Top of Data provided
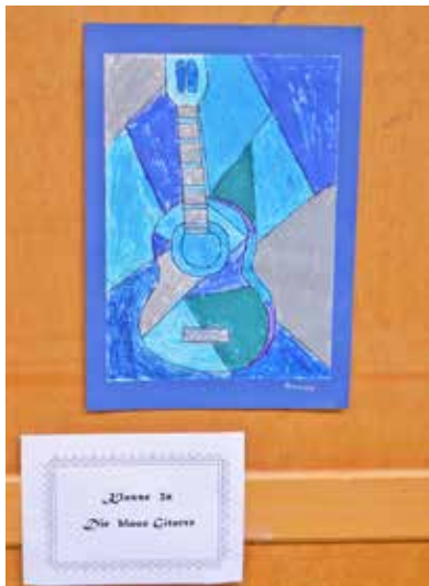
Die blaue Gitarre stellvertretend für die blaue Periode von Pablo Picasso

Schülerinnen und Schülern der Klassen 7-13, ergänzt durch Ehemalige und Mitglieder aus dem Lehrerkollegium. Die Big Band begeistert ihr Publikum regelmäßig bei schulischen Veranstaltungen und ist fester Bestandteil des Lütjenburger „Herbstzaubers“. Das Konzert wird durch den Förderverein zum Erhalt der St. Claren-Kirche veranstaltet, Eintritt frei, Spende erbeten. In der Pause laden Wasser, Wein und Brezeln zum Klönschnack ein.
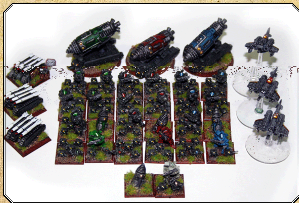
Compañía Los Conquistadores de Aguirre.

<transmisión finalizada Inquisidor Mayor Arnihus Maëllor>
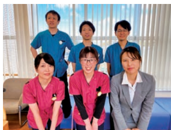
一緒に働きましょう

有床診療所として、救急の受け入れとともに、地域の施設と連携を密に行い、地域医療を中心とした看護を行っています。一人一人の患者様、ご家族様に、肉体的・精神的・社会的なトータルの支えができるよう努めています。
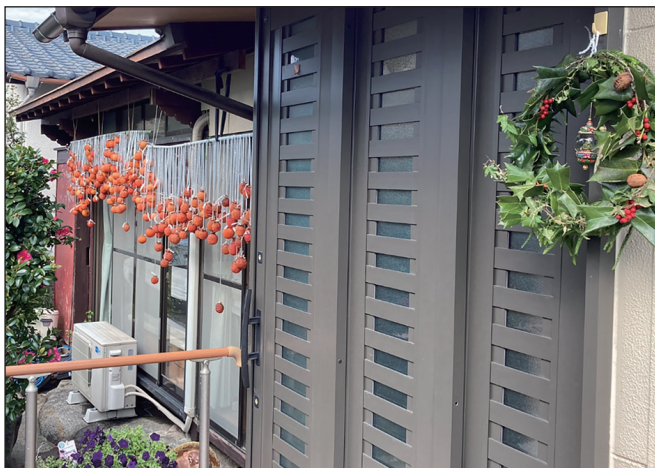
▲ミナミ・デイサービスの皆さんの作品
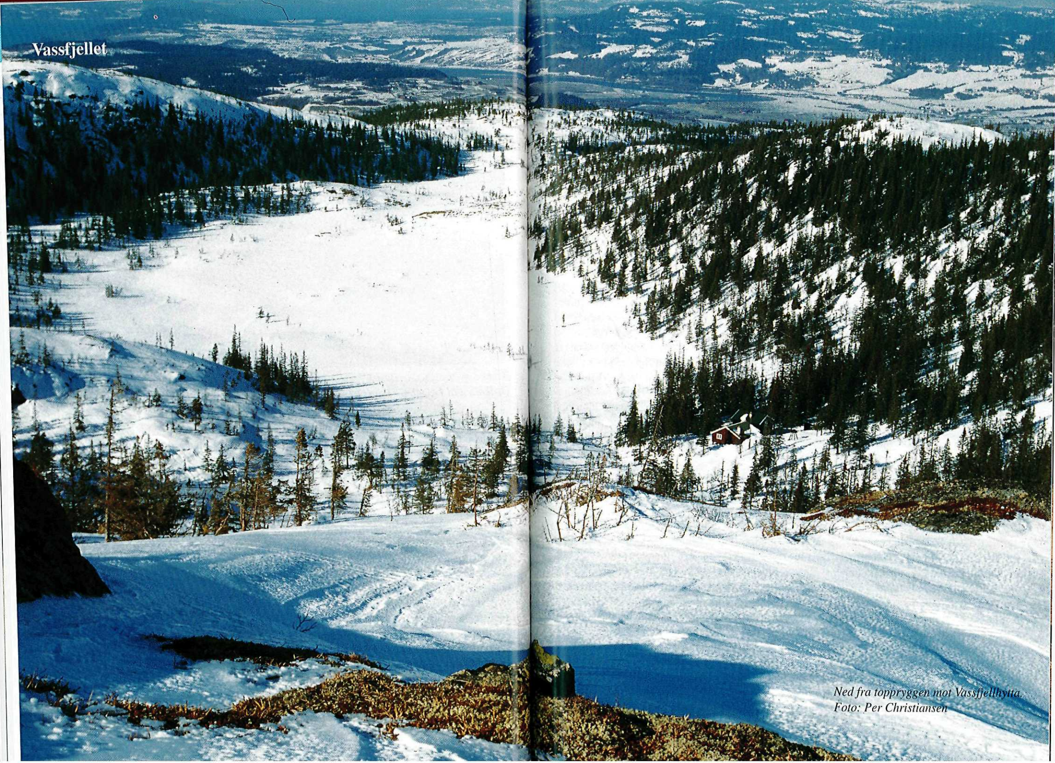
Ned fra toppryggen mot Vassfjellhytta.
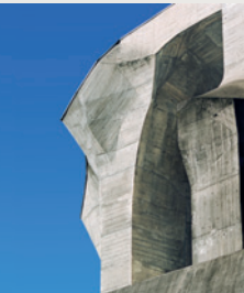
Детайл от северната страна на втория Гьотеанум
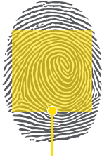
أكثر المناطق الغنية بالبصمة
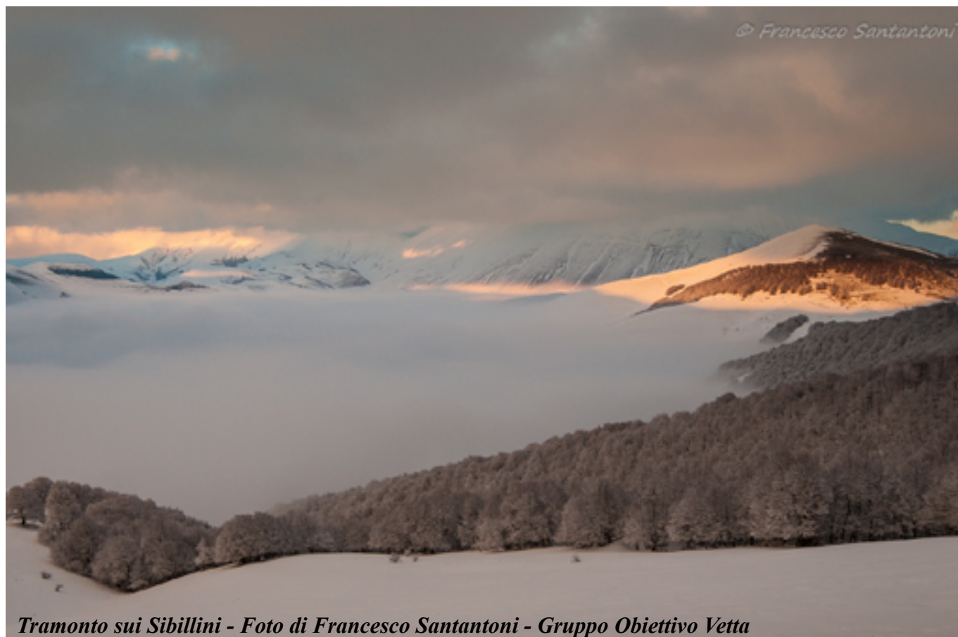
Tramonto sui Sibillini - Foto di Francesco Santantoni - Gruppo Obiettivo Vetta

Luciana Fiorini Granieri (in: “fogli come foglie”, Editoriale Umbra2007)
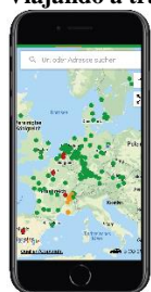
Visión general EU

Viajando a través de las zonas de bajas emisiones con la aplicación gratuita Green-Zones: No más sanciones y retrasos imprevistos
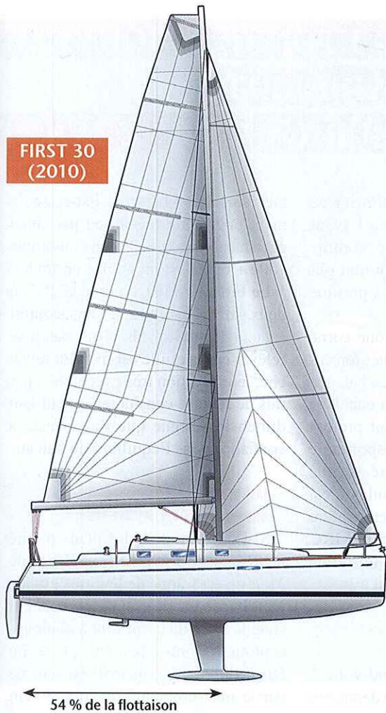
FIRST 30 (2010)
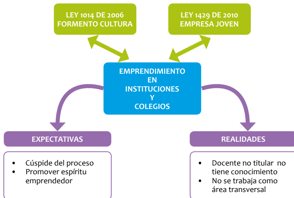
Figura 3. Situación del trabajo en emprendimiento: Expectativas y realidades
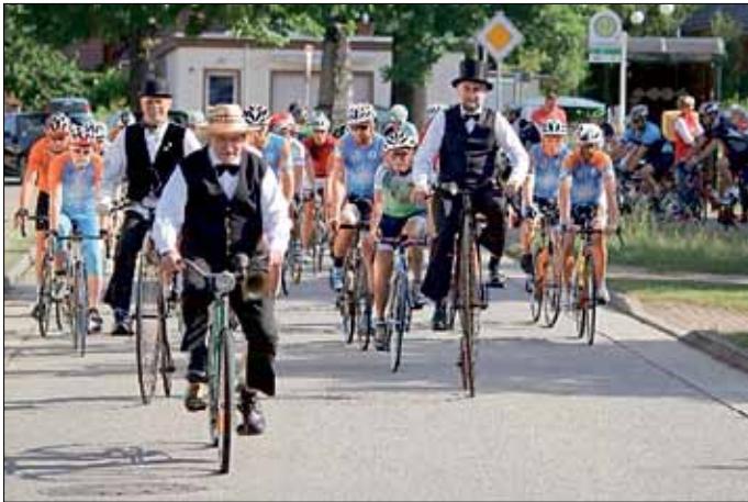
Radtourenfahrt mit Start und Ziel in Maust

Das Motto der Teichlandradler „Erlebnis steht vor dem Ergebnis“ kam an diesem Tag voll zum Tragen.
Bottom of Data provided
== What you will do ==
The answer is the whole listing above, written out verbatim, without its pictures.

== Exercise solution ==
Die blaue Gitarre stellvertretend für die blaue Periode von Pablo Picasso

Schülerinnen und Schülern der Klassen 7-13, ergänzt durch Ehemalige und Mitglieder aus dem Lehrerkollegium. Die Big Band begeistert ihr Publikum regelmäßig bei schulischen Veranstaltungen und ist fester Bestandteil des Lütjenburger „Herbstzaubers“. Das Konzert wird durch den Förderverein zum Erhalt der St. Claren-Kirche veranstaltet, Eintritt frei, Spende erbeten. In der Pause laden Wasser, Wein und Brezeln zum Klönschnack ein.
Compañía Los Conquistadores de Aguirre.

<transmisión finalizada Inquisidor Mayor Arnihus Maëllor>
一緒に働きましょう

有床診療所として、救急の受け入れとともに、地域の施設と連携を密に行い、地域医療を中心とした看護を行っています。一人一人の患者様、ご家族様に、肉体的・精神的・社会的なトータルの支えができるよう努めています。
▲ミナミ・デイサービスの皆さんの作品
Ned fra toppryggen mot Vassfjellhytta.
Детайл от северната страна на втория Гьотеанум
أكثر المناطق الغنية بالبصمة
Tramonto sui Sibillini - Foto di Francesco Santantoni - Gruppo Obiettivo Vetta

Luciana Fiorini Granieri (in: “fogli come foglie”, Editoriale Umbra2007)
Visión general EU

Viajando a través de las zonas de bajas emisiones con la aplicación gratuita Green-Zones: No más sanciones y retrasos imprevistos
FIRST 30 (2010)
Figura 3. Situación del trabajo en emprendimiento: Expectativas y realidades
Radtourenfahrt mit Start und Ziel in Maust

Das Motto der Teichlandradler „Erlebnis steht vor dem Ergebnis“ kam an diesem Tag voll zum Tragen.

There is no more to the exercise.